**Task instructions:** Retype, exactly as they stand, the lines from the start of the data to the line that contains "Smartphone-Halterung mit minimalistischem", both ends included. Leave the pictures out.

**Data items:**
==*==
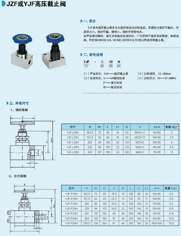 JZF YJF系列高壓截止閥技術參數(shù)
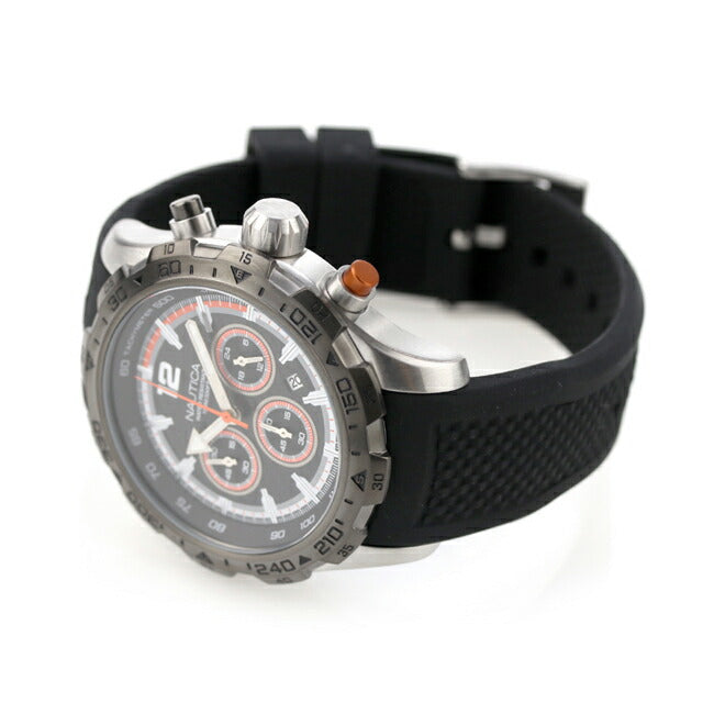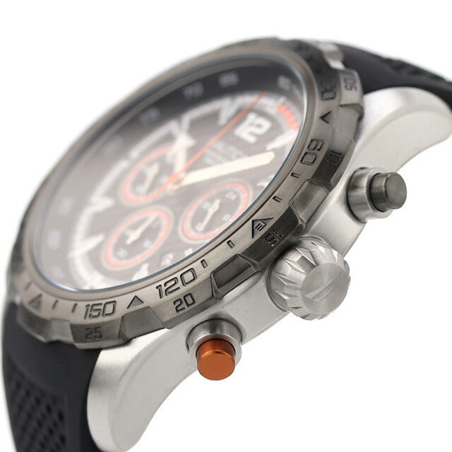正規品 7年保証キャンペーン ノーティカ エヌエスティ― クロノグラフ メンズ 腕時計 NAPNSS402 NAUTICA NST アナログ ブラック 黒 ◆ノーティカは1983年にニューヨークで誕生したアメリカンライフスタイルブランドです。モダンで洗練されたマリンスタイリングを得意とし、その魅力をあますことなく表現したノーティカウォッチは、世界最大級の時計会社グループによる革新的な最先端技術がもたらす高品質・高性能を併せ持っています。 この「NST/エヌエスティ―」ウォッチはテクスチャード加工の文字盤と新色でアップデートされました。コントラストのあるサブダイヤルとスイープにマッチするプッシャーで作られたこのタイムピースは、大胆な46mmリサイクルステンレススチールケースとシリコンストラップを備えています。
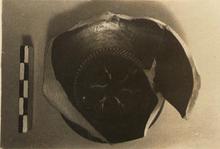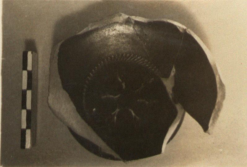 Stamped decoration: on the floor, six linked palmettes surrounded by a narrow band of heavy rouletting.
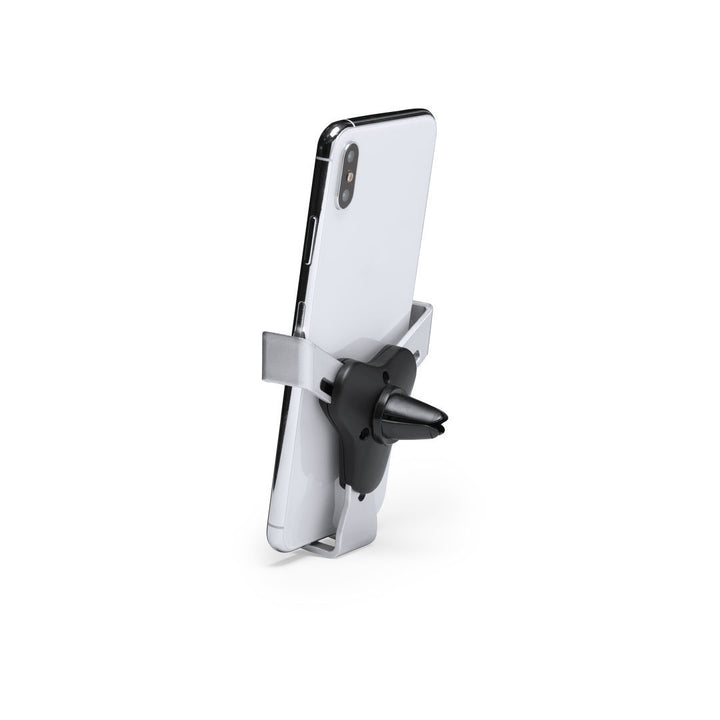 Smartphone-Halterung mit minimalistischem Design und speziell für Smartphones im XXL-Format entworfen. Mit universellem Befestigungssystem, das durch das Gewicht des Telefons selbst aktiviert wird und die seitlichen Griffe verstellt, sobald das Gerät in die Halterung eingesetzt wird. Für Autolüftungsgitter und mit einer speziell für den Tampondruck entwickelten Vorderseite.
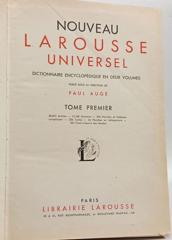 Larousse. 1949. In-4. Cartonnage d'éditeurs. Etat d'usage, Couv. convenable, Dos satisfaisant, Intérieur bon état. Dictionnaire encyclopédique en deux volumes. Tome premier : 1 092 pages de texte sur trois colonnes, coifes abimées, charnières fatiguées, plus de 69 000 articles, 12 430 gravures, 242 planches et tableaux synoptiques en couleurs et n&b, 190 cartes, 54 lanches en héliogravures, 270 chfes-d'oeuvre des musées. Tome second : 1 276 pages, dos absent, coins frottés, charnière de devant cassée, plus de 63 000 articles, 14 008 gravures, 292 planches et tableaux synoptiques en couleurs et n&b, 148 artes, 54 planches photographiques, 300 chefs-d'oeuvre des musées.. . . . Classification Dewey : 30-Encyclopédies générales
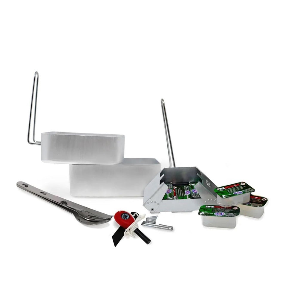 - SET INCLUDES : Estufa, latas de desorden, juego de cubiertos, combustible sólido, abreler, píldora, delantero
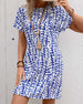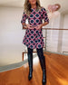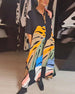 Uformell kjole med fargeblokktrykk med jakkeslag og snøring
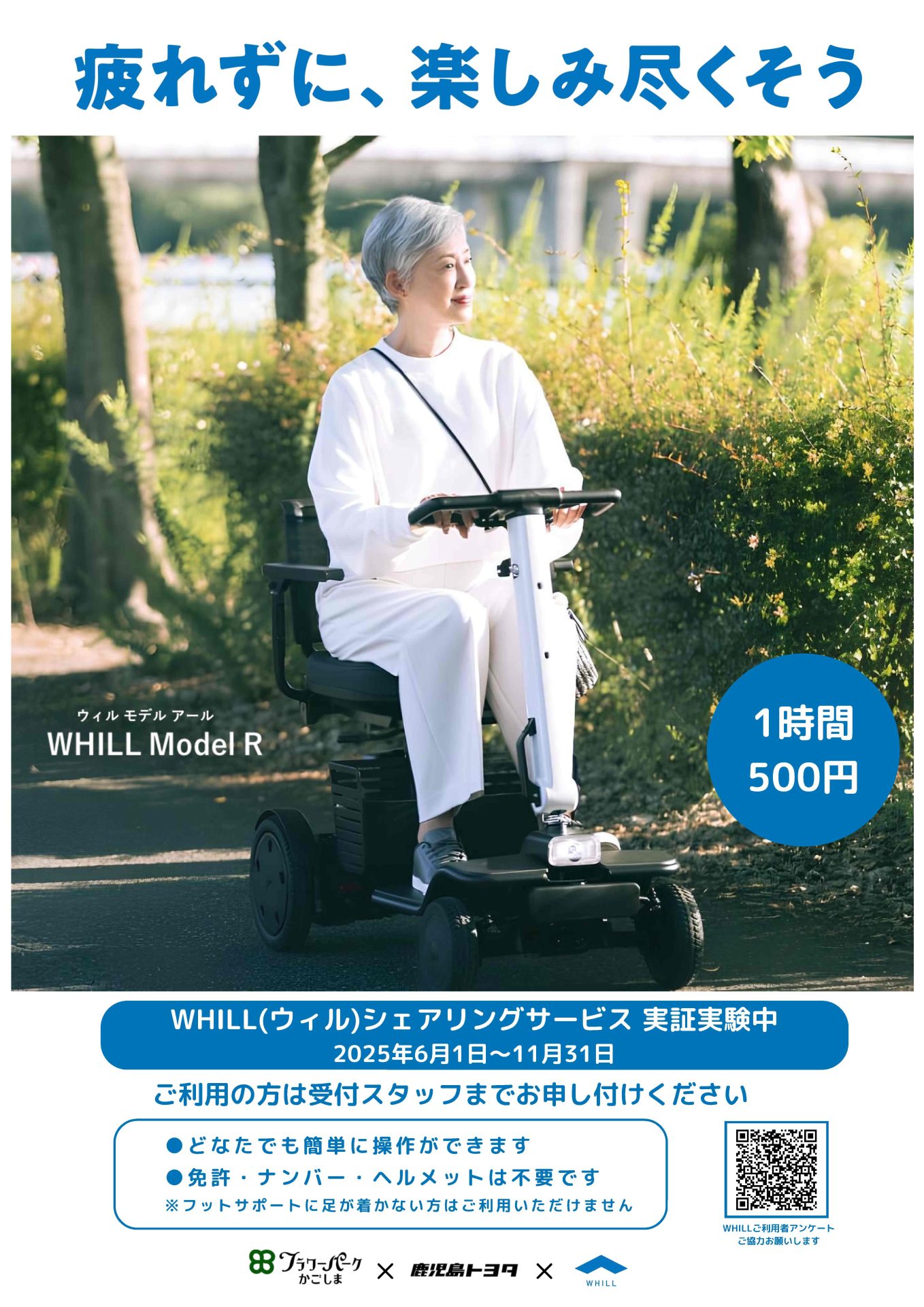 パーソナルモビリティ WHILL(ウィル)シェアリングサービス実証実験 を行っています。
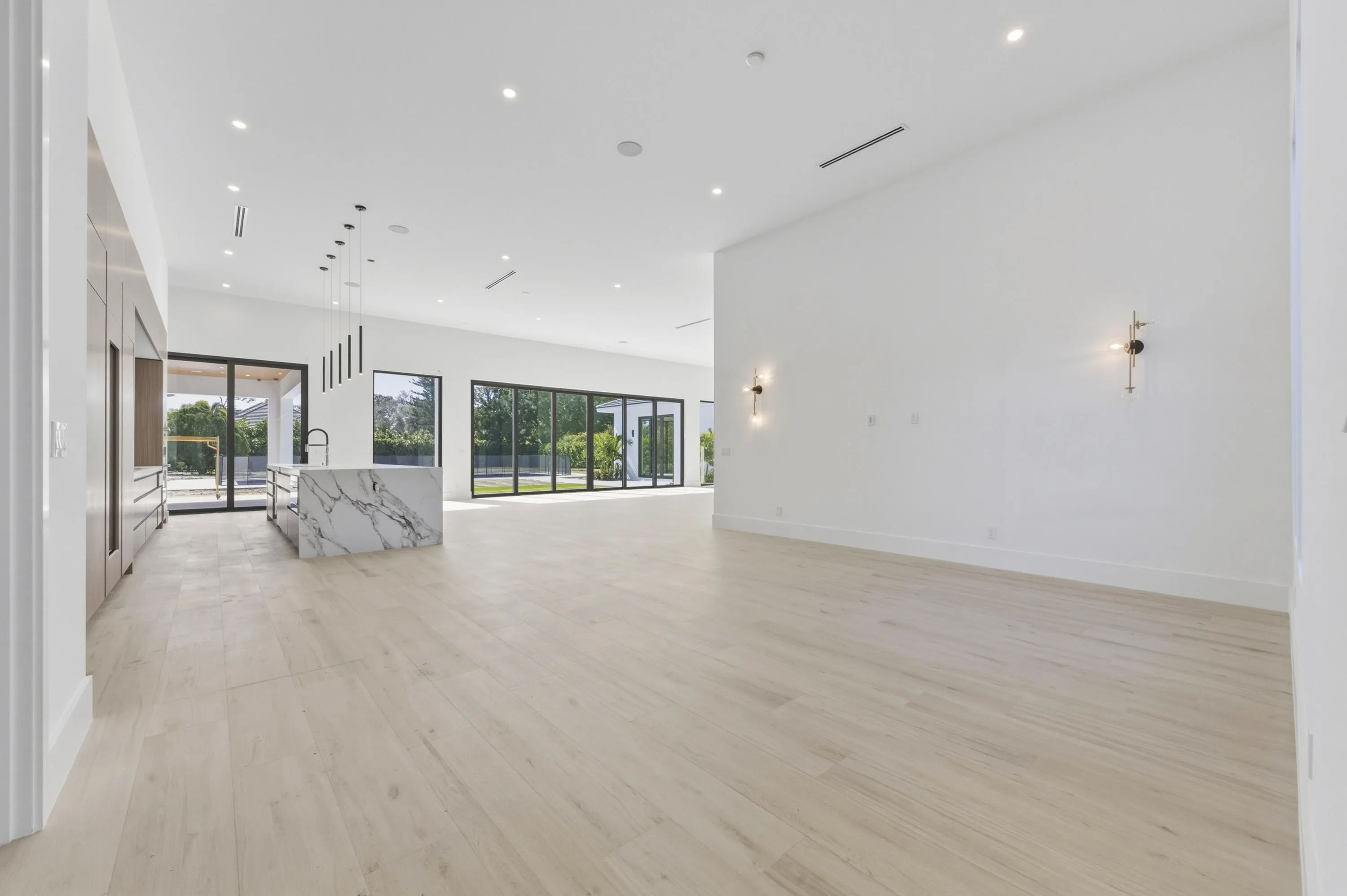 An exceptional new construction estate set on a prime corner lot within the prestigious, gated community of Steeplechase. This single-story residence offers 5 bedrooms, 5 full baths, two half baths. 4,993 sq ft of refined living space (6,930 total). A grand 17-foot foyer opens to a stunning great room with soaring 14-foot ceilings and walls of glass that seamlessly connect to a private courtyard oasis. Outdoor living is elevated with oversized porcelain pavers, artificial turf, and a 16 x 50 saltwater pool featuring sun shelves, deck jets, bubblers, spa, and an expansive covered patio with a 20-foot summer kitchen. The chef's kitchen showcases a 15-foot mitered quartz island, custom cabinetry, full backsplash, pantry, and a complete Sub-Zero/Wolf/Cove appliance suite. The primary retreat offers pool views, dual walk-in closets, and a spa-inspired bath. Additional ensuite bedrooms, 4-car garage with EV charger, impact glass, smart wiring, and lush landscaping complete this refined offering, minutes to golf, dining, PBI, and Palm Beach beaches. |
==*==
**Written solution:**
 JZF YJF系列高壓截止閥技術參數(shù)
正規品 7年保証キャンペーン ノーティカ エヌエスティ― クロノグラフ メンズ 腕時計 NAPNSS402 NAUTICA NST アナログ ブラック 黒 ◆ノーティカは1983年にニューヨークで誕生したアメリカンライフスタイルブランドです。モダンで洗練されたマリンスタイリングを得意とし、その魅力をあますことなく表現したノーティカウォッチは、世界最大級の時計会社グループによる革新的な最先端技術がもたらす高品質・高性能を併せ持っています。 この「NST/エヌエスティ―」ウォッチはテクスチャード加工の文字盤と新色でアップデートされました。コントラストのあるサブダイヤルとスイープにマッチするプッシャーで作られたこのタイムピースは、大胆な46mmリサイクルステンレススチールケースとシリコンストラップを備えています。
 Stamped decoration: on the floor, six linked palmettes surrounded by a narrow band of heavy rouletting.
 Smartphone-Halterung mit minimalistischem Design und speziell für Smartphones im XXL-Format entworfen. Mit universellem Befestigungssystem, das durch das Gewicht des Telefons selbst aktiviert wird und die seitlichen Griffe verstellt, sobald das Gerät in die Halterung eingesetzt wird. Für Autolüftungsgitter und mit einer speziell für den Tampondruck entwickelten Vorderseite.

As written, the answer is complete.